I always thought "Simon Says" was a terribly demode game. It was invented in the 80s. Now it was anyway, hmm? So; let's play Karl Says. Begin! (At this point Rei would bang her gong, but Rei's away playing on Harmonicas she stole from Bob Dylan. She hangs around his concerts, and picks them up off the ground. At this point I think he's given up on caring about who-the-freaky-Japanese-lady-in-black is, anyway. Hedi does the same with Kate Moss's old boyfriend. Can't remember his name. He stalked him, though. Took millions of pictures. Stuck them on his walls throughout his house. Made underwear out of them.)
Karl Says listen to these people: Rachael Please. They're chic, though myspace makes me throw up. So it's probably best if you get a piece of paper, and tape the piece of paper to the bit that says "MySpace" and then listen to the music, hmm? Maybe those of you who listen to "Hey there Delilah" and buy scented candles from K-Mart and are still freaked out my that young man Marilyn Manson, will not like it. (Marilyn's a nice boy. But someone like, say, Sarah Palin-- she really does scare me. How she dresses. I try to stay non-political, hmm? But she- well, she is an exemption. That and Barbie dolls. Barbie dolls are terrifying. The clothes they wear manage to be never ever chic. And Bratz. Have you people seen Bratz? The proportions!)

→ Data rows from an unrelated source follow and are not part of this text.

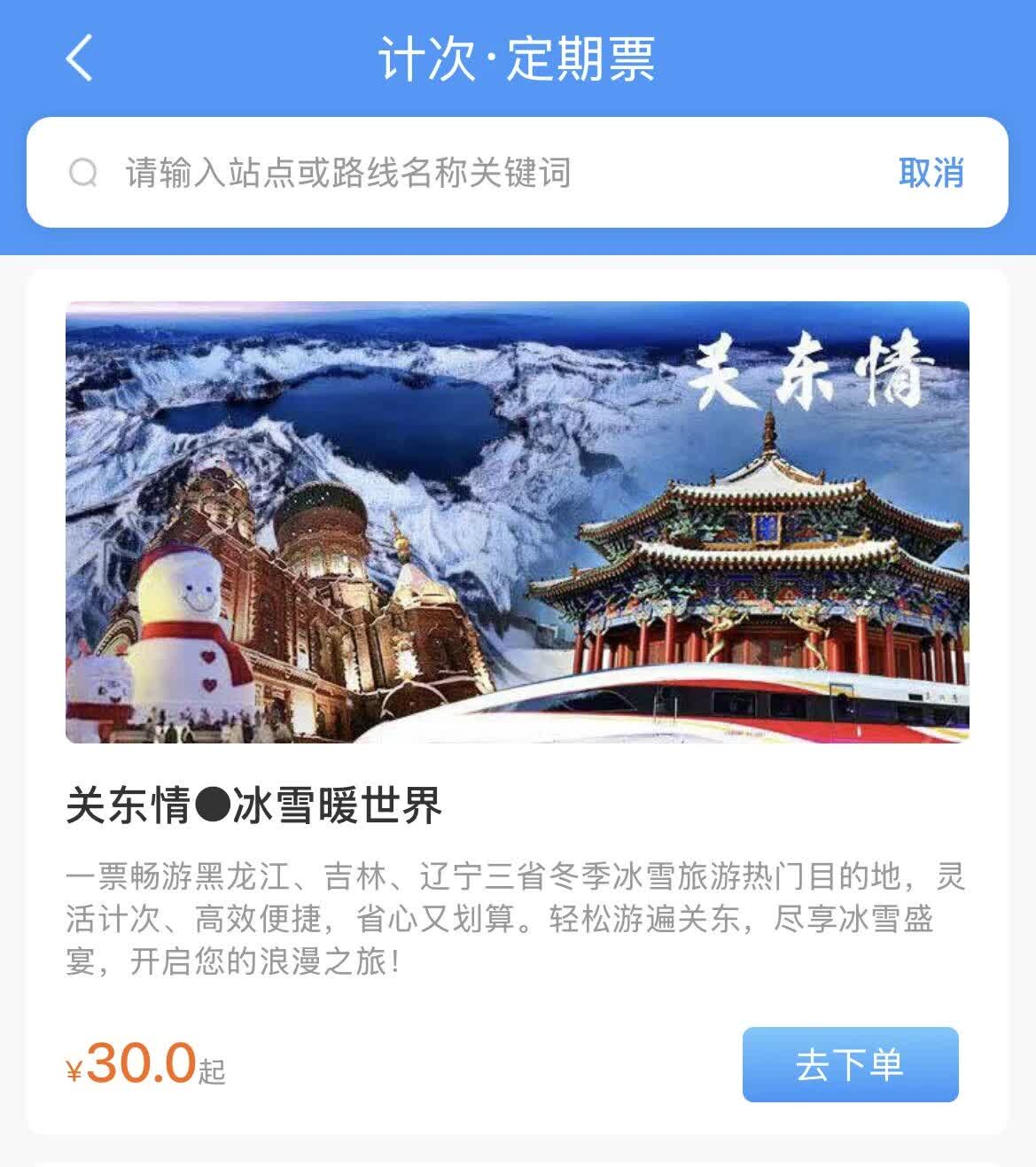 「關東情·冰雪暖世界」旅遊計次票覆蓋丹東、大連、大連北、瀋陽、瀋陽北、延吉西、長白山、長春、長春西、哈爾濱西、哈爾濱、亞布力西、橫道河子東、牡丹江14座車站。
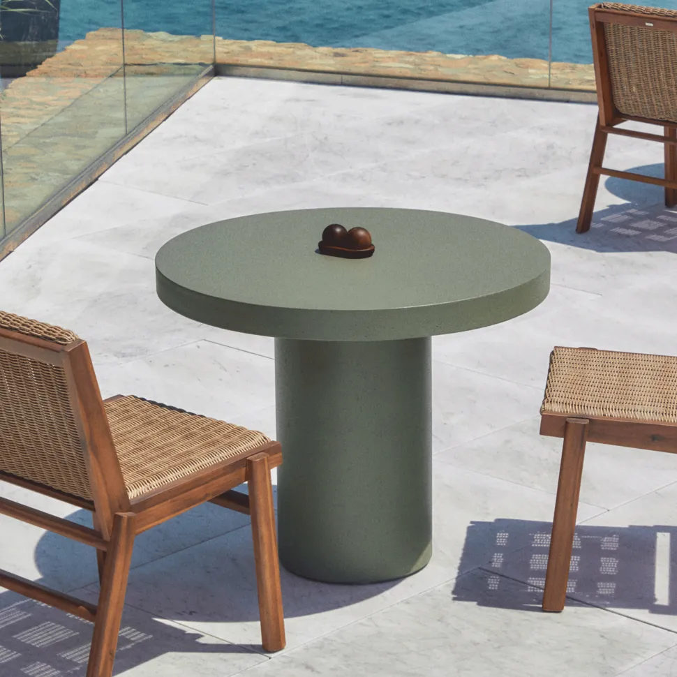 De Aiguablava collectie combineert functionaliteit en design op zijn best. Geïnspireerd door de puurheid van het minimalisme en met eenvoudige lijnen wordt dit meubel de ziel van elke omgeving en zorgt het zowel binnen als buiten voor een unieke persoonlijkheid. Gemaakt van GFRC (glasvezelversterkt beton), een materiaal dat zich onderscheidt door weerbestendigheid, lichtheid en duurzaamheid. Deze tafel is ontworpen om jarenlang dezelfde charme te behouden als op de eerste dag. Elke Aiguablava tafel is een exclusief element dankzij de unieke tinten, texturen en porositeiten die ontstaan tijdens de productie. De getextureerde afwerking met een glazuur dat de kleur versterkt en de nerven van het beton onthult, maakt van deze tafel een functioneel kunstwerk. Bovendien is de pigmentatie geïntegreerd in het mengsel, waardoor een diepe kleur wordt gegarandeerd die bestand is tegen de tand des tijds, en wordt slijtage van het oppervlak, zoals bij andere technieken, vermeden. Kleine onregelmatigheden, zoals microscheurtjes of zichtbare poriën op de randen en de basis, maken deel uit van de esthetische taal van het beton en hebben geen invloed op de integriteit van het product. Om het uiterlijk te behouden, wordt aangeraden om hem in de herfst en winter te beschermen met een waterdichte laag en twee keer per jaar Sterina steenbeschermer aan te brengen.
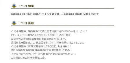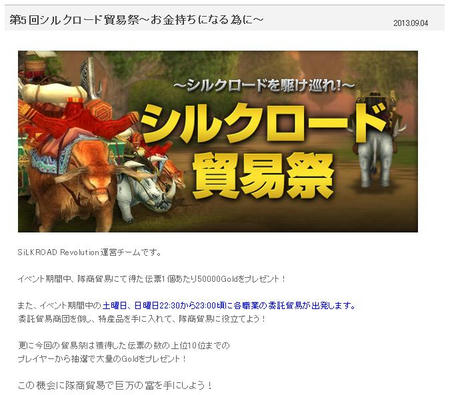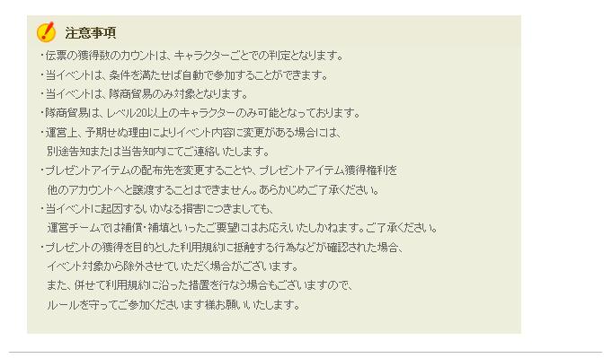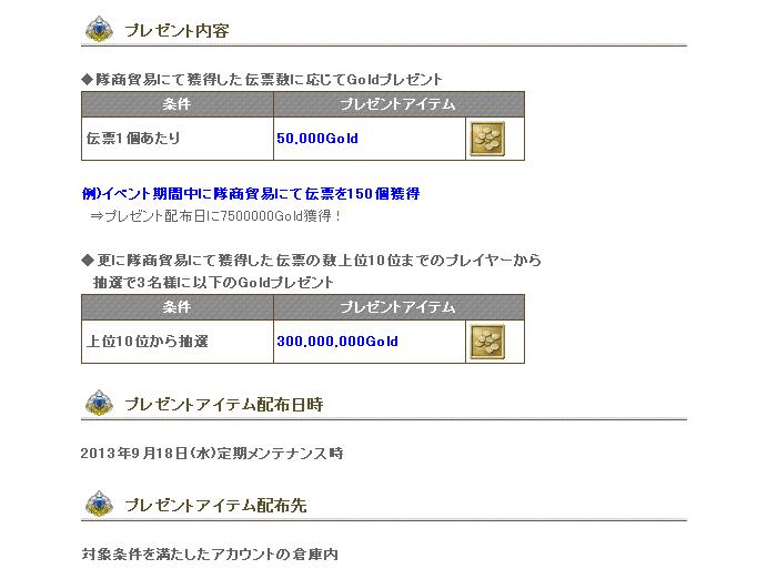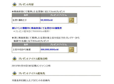 イベント期間中、隊商貿易にて得た伝票1個につき50000Goldをプレゼント!
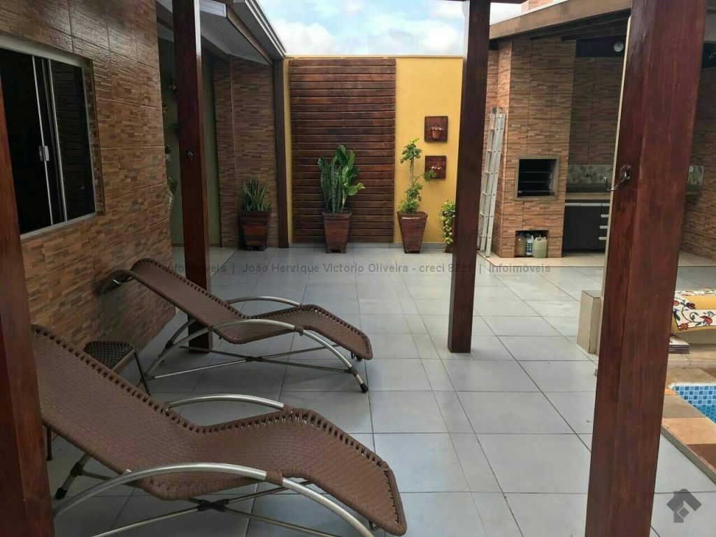 Casa com 03 quartos, 01 suíte, 01 sala de estar, 01 sala de jantar, 02 wc social, 01 cozinha, área de serviço coberta, quintal, piscina, área gourmet com churrasqueira, 03 vagas de garagem.
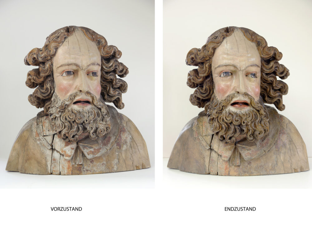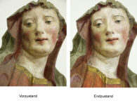 Durchgeführte Maßnahmen:Festigung der schollenartig wegstehenden FassungReinigung der Fassung und des HolzträgersRetusche von Fehlstellen und weißem Kreidegrund ohne FassungAuftrag eines Schutzfirnisses aus Naturharz (Dammar)
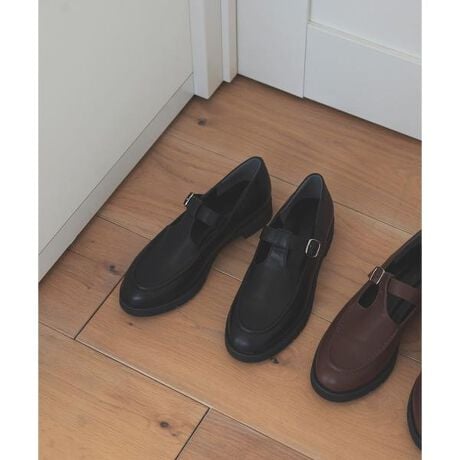 クラシカルなムードのTストラップローファー。
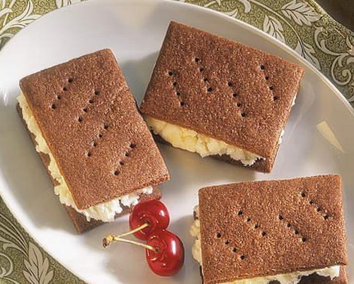 Gram always made the tastiest ice-cream sandwiches with these flat chocolate cookies. To prevent the cookies from puffing up too much, she added only a smidgen of baking soda. If Grandma needed to soften a quart of ice cream in a hurry, her trick was to microwave it on HIGH for about 20 seconds.
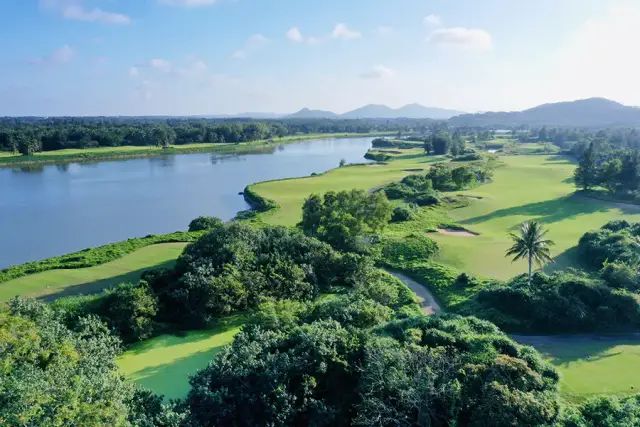 最长距离的洞是第9号洞557码,最短距离的洞是第4号洞153码;难度最大的洞是第13号洞441码。 球场周围环江绕海,四面碧水泛波,融海天风光和远山近水于一体,即使是盛夏也是凉风随身,候鸟伴行。 一座既过球瘾又有野趣的自然公园,让您再挥杆击球之余揽尽河海美景,尽情感受亚洲热带球场独具的自然风情。
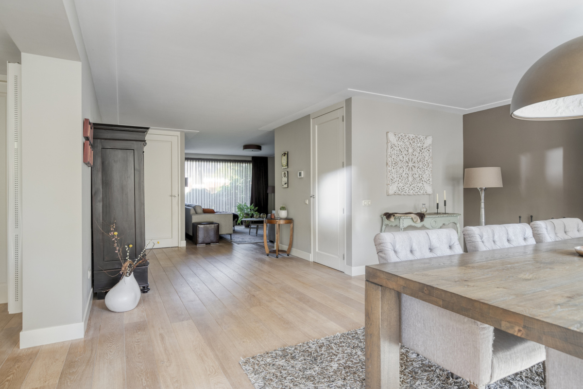 Alle wanden zijn voorzien van glad stucwerk en de plafonds zijn strak afgestuct met sierlijsten. De gehele begane grond is doorgelegd met moderne eikenhouten vloerdelen.
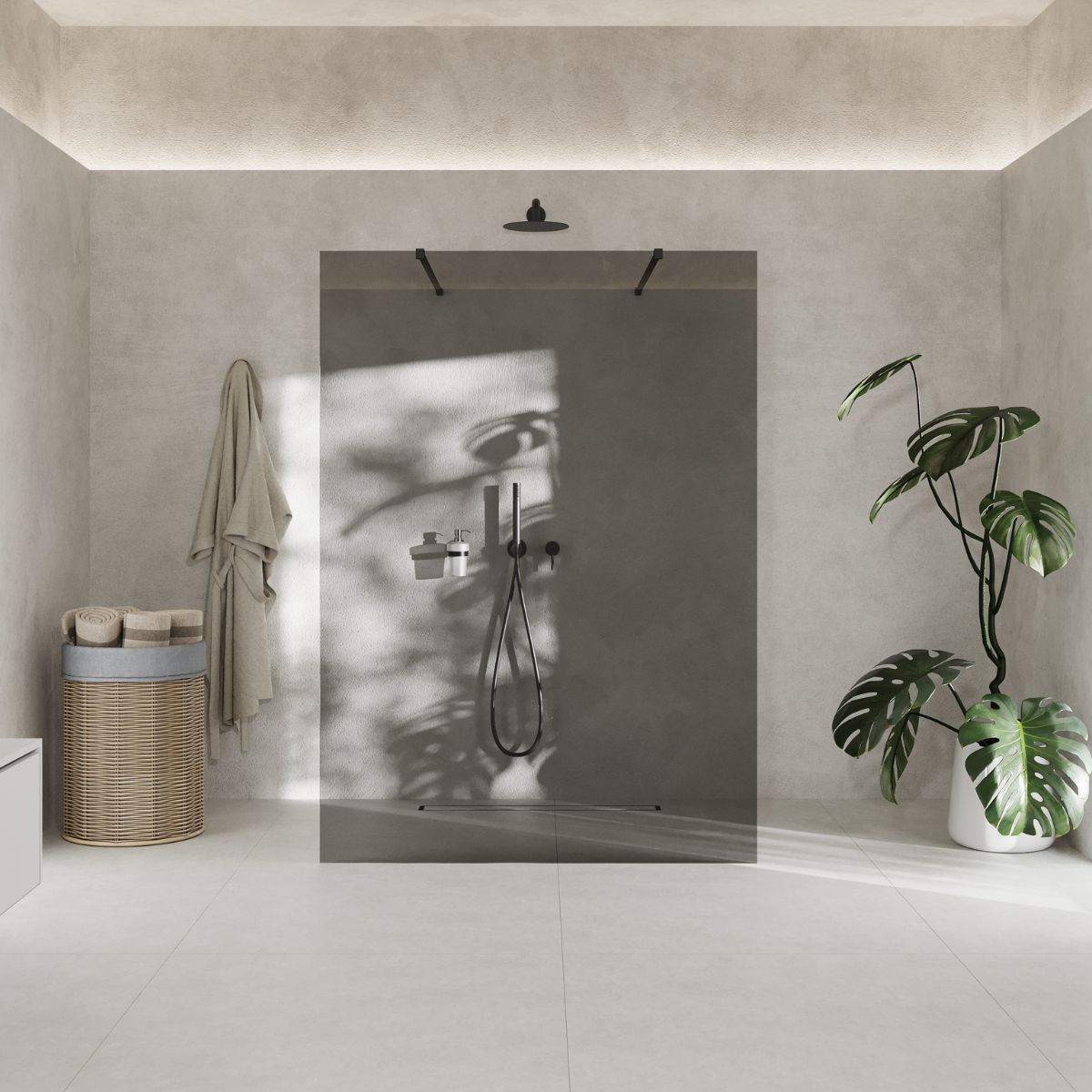 COMO SOLO to wolnostojąca ścianka prysznicowa w klasycznym, prostokątnym kształcie, której regulowany wspornik i barwione w masie 8 mm szkło tworzą minimalistyczne centrum komfortu w przestronnej łazience.
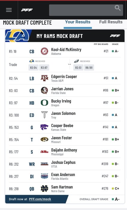 I hate when mocks include trades. Sure they're gonna happen but most occur in the lower rounds (3-7).
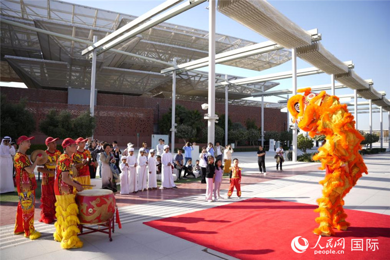 喜慶的舞獅表演吸引眾多阿聯(lián)酋當(dāng)?shù)孛癖娦蕾p。人民網(wǎng) 塔里克·易卜拉欣攝
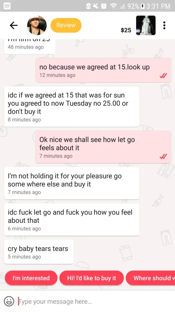As seen in the added photos below. Allen and I agreed on a price on a item 3 days ago. I informed him I wasn't able to pay til, 3 days later. He paused but never said no. It's payday I contact him and he upped the price. When I inquired I got attitude. I said we will see what let go has to day about this and then he got volger and cussed at me again see able in pics below.
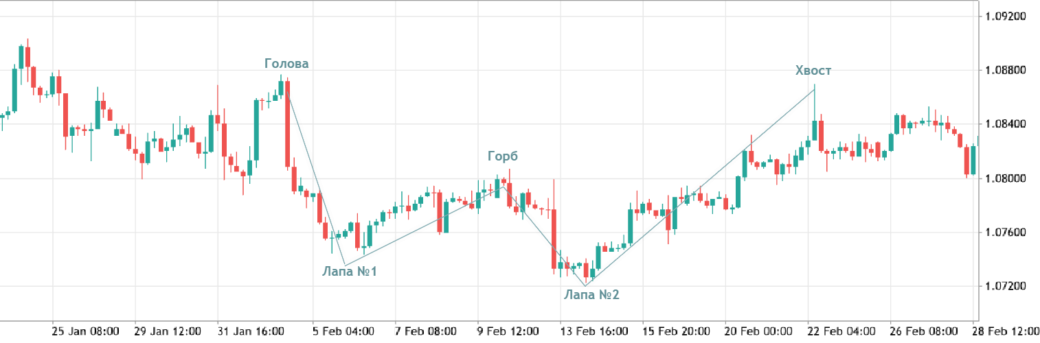 - Вы можете увидеть, что вторая «лапа» расположена ниже первой. Относительно этого нюанса среди трейдеров встречаются разные точки зрения. Например, некоторые считают, что они должны располагаться на одном уровне, а другие говорят, что ниже должна находиться первая лапа. В данном случае мы рекомендуем пробовать разные варианты, так как однозначного ответа не существует.
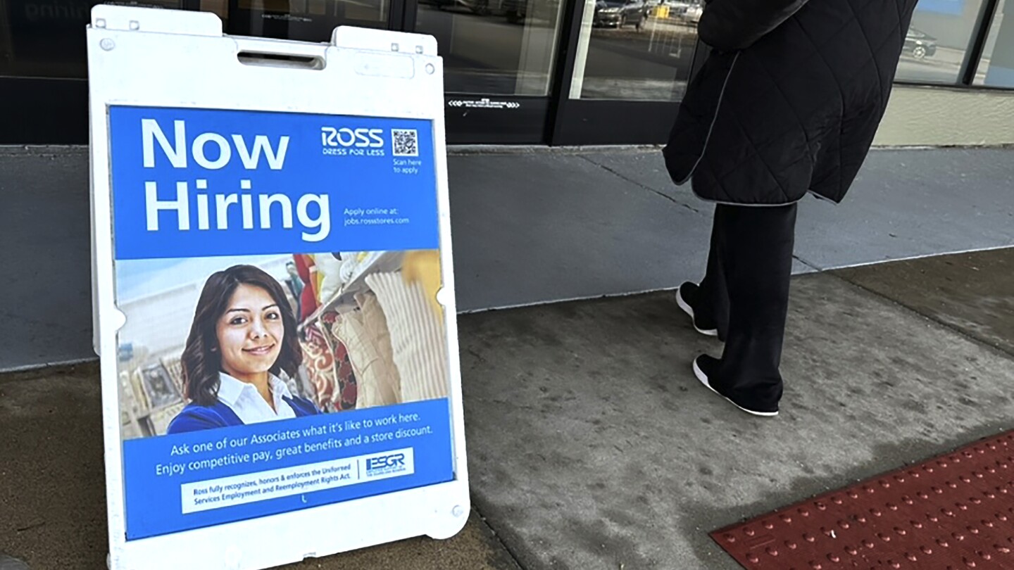 A hiring sign is displayed outside of a retail store in Schaumburg, Ill., Tuesday, Dec.12, 2023. On Thursday, the Labor Department reports on the number of people who applied for unemployment benefits last week. (AP Photo/Nam Y. Huh)
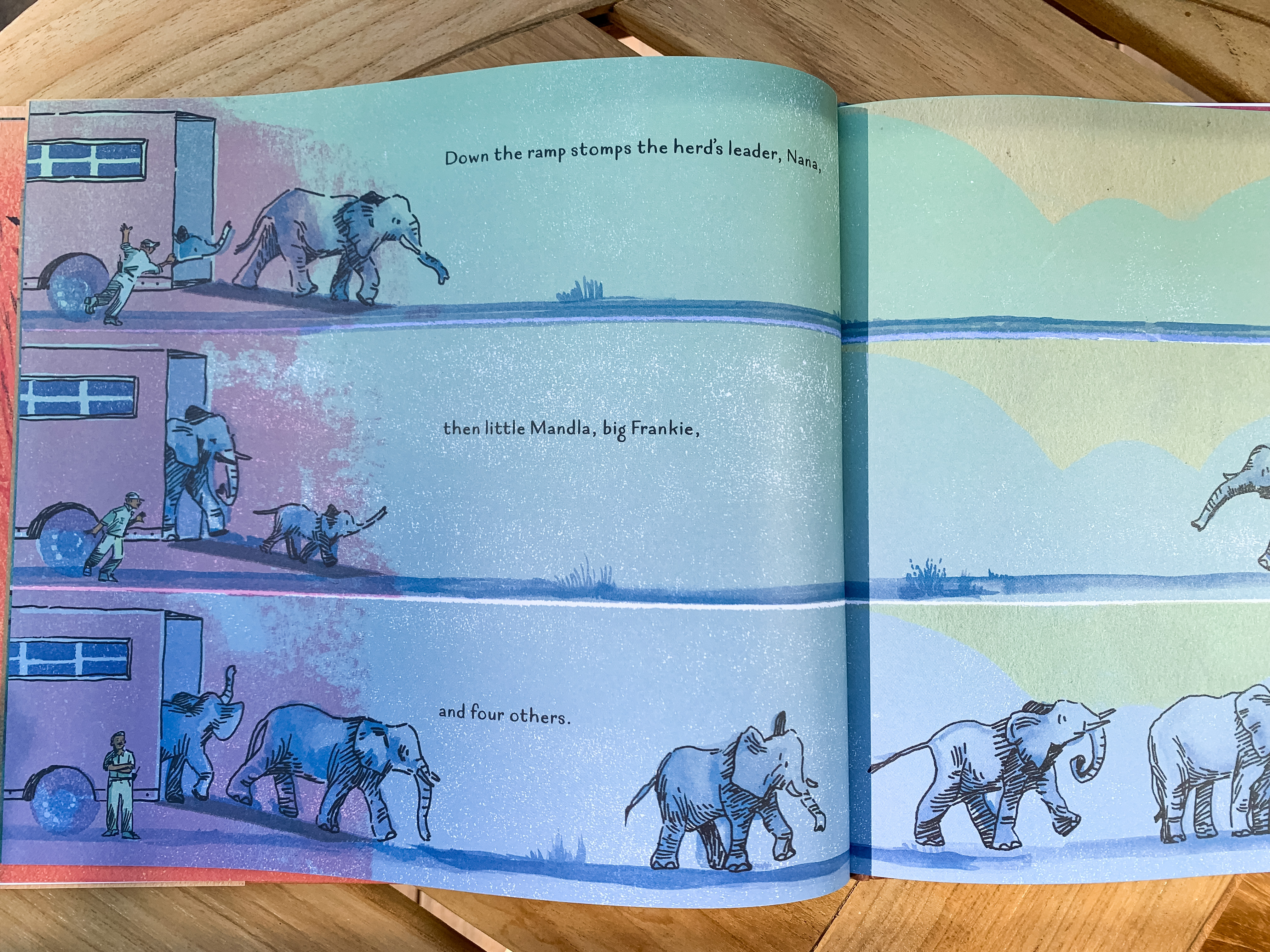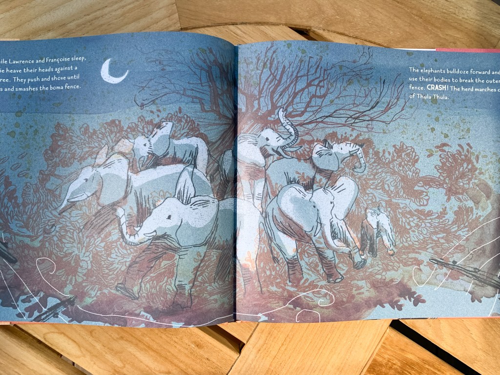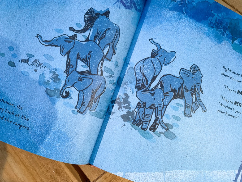 The elephants arrive by trailer in the middle of the night and, well, they aren’t happy about it. They’ve been bullied and hunted in their former life, and now they’ve got a baby they’re trying to protect. They “pound their hooves and trumpet angrily,” but where most of the rangers look at the elephants and see threat, Lawrence sees the bigger picture: the elephants are nervous. “Wouldn’t you be if you moved far from your home?” Several spreads are bathed in a deep, moody blue to mirror the elephants’ distress.

Right. And there's Stefano "I never wore sneakers apart from when I wear new balance" Pilati.
There's an article in the New York Times in which he comes off as too pretentious for words.
Yves is rolling in his grave. Actually, he isn't. He's rolling on the floor. But this makes him look- how do you say- a little puppy-dog-like. How adorable.
Stefano's clothes are.....wearable for around the house, perhaps. He just should not speak. Cut off his tongue, hmmmm?